* _PROMPT_
From the line containing "自上世纪80年代开始,世多乐" to the last line of the data below, copy everything exactly and nothing else; pictures stay out.

* _GIVEN INFORMATION_

● ● ● ● ● ● ●

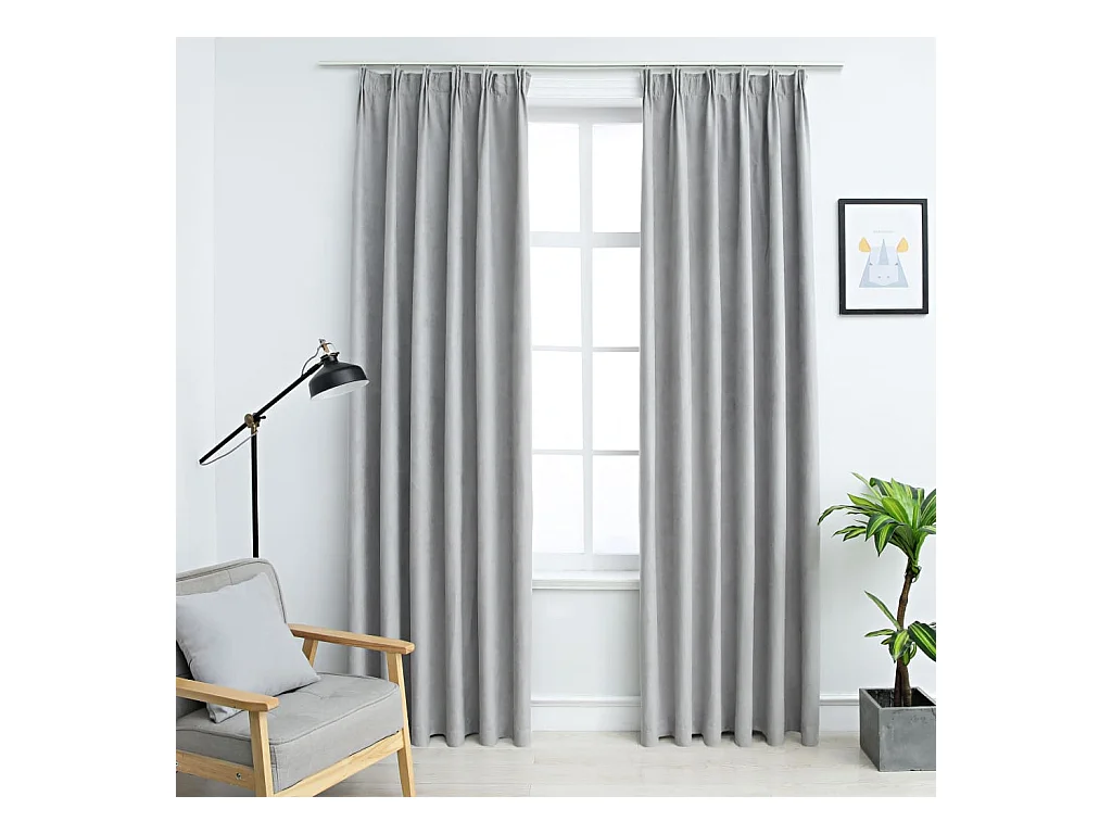 Cortinas opacas con ganchos 2 uds Gris 140x175 cm
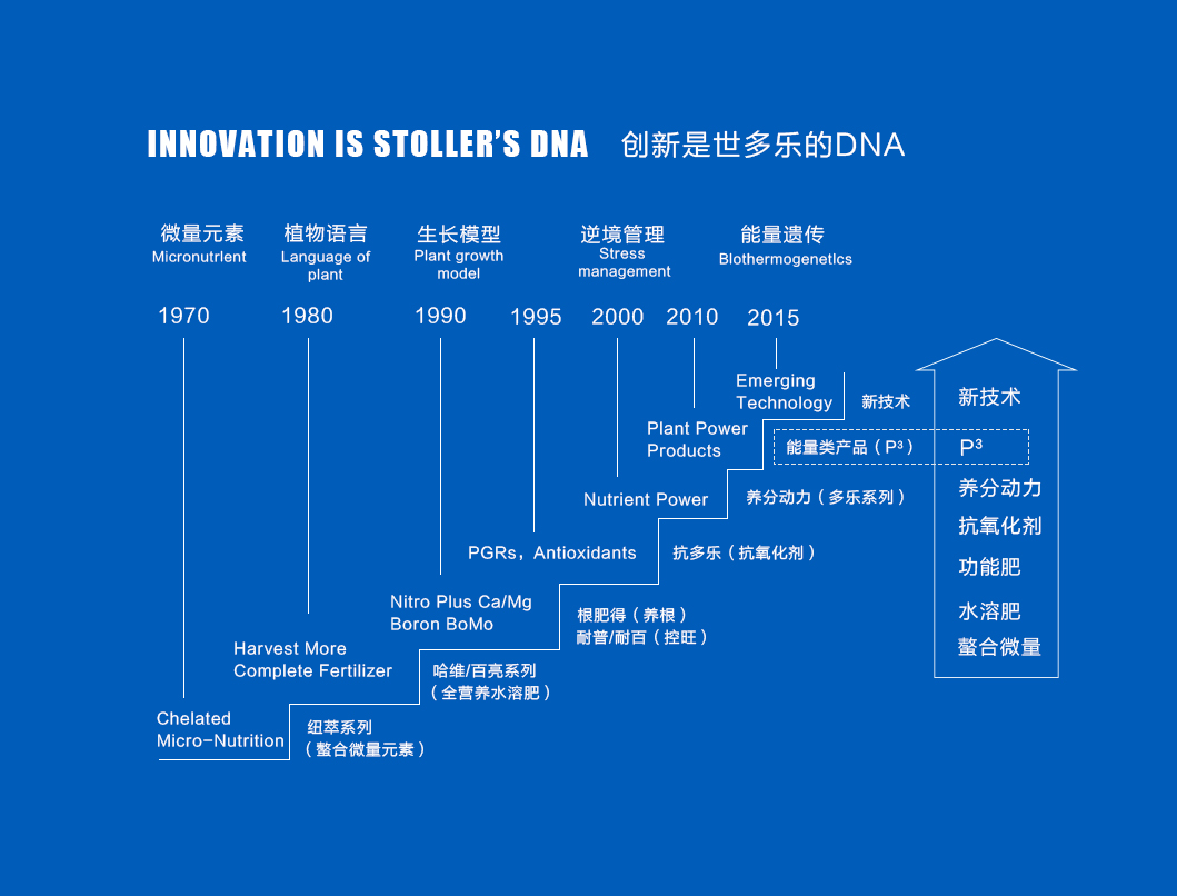 自上世纪80年代开始,世多乐集团在Jerry Stoller先生“了解植物语言”的思维指引下,于90年代初开启了植物遗传表达最大化的研究。通过理念的变革与研究方法的创新,世多乐成为植物生理专家,并研发出全程、全方位、全物候的尖端产品与作物管理方案,帮助作物在整个生育期内更好地抵御逆境胁迫的影响,“发掘植物自身潜力”,获得更高产量。
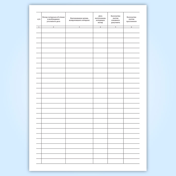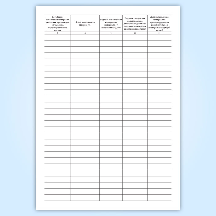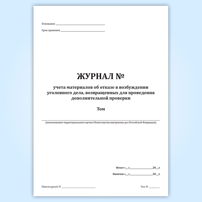 Учет материалов об отказе в возбуждении уголовного дела, возвращенных для проведения дополнительной проверки фиксирует в журнале сотрудник подразделения делопроизводства при получении материала от исполнителя.

● ● ● ● ● ● ●

* _ANSWER BOX_
 自上世纪80年代开始,世多乐集团在Jerry Stoller先生“了解植物语言”的思维指引下,于90年代初开启了植物遗传表达最大化的研究。通过理念的变革与研究方法的创新,世多乐成为植物生理专家,并研发出全程、全方位、全物候的尖端产品与作物管理方案,帮助作物在整个生育期内更好地抵御逆境胁迫的影响,“发掘植物自身潜力”,获得更高产量。
 Учет материалов об отказе в возбуждении уголовного дела, возвращенных для проведения дополнительной проверки фиксирует в журнале сотрудник подразделения делопроизводства при получении материала от исполнителя.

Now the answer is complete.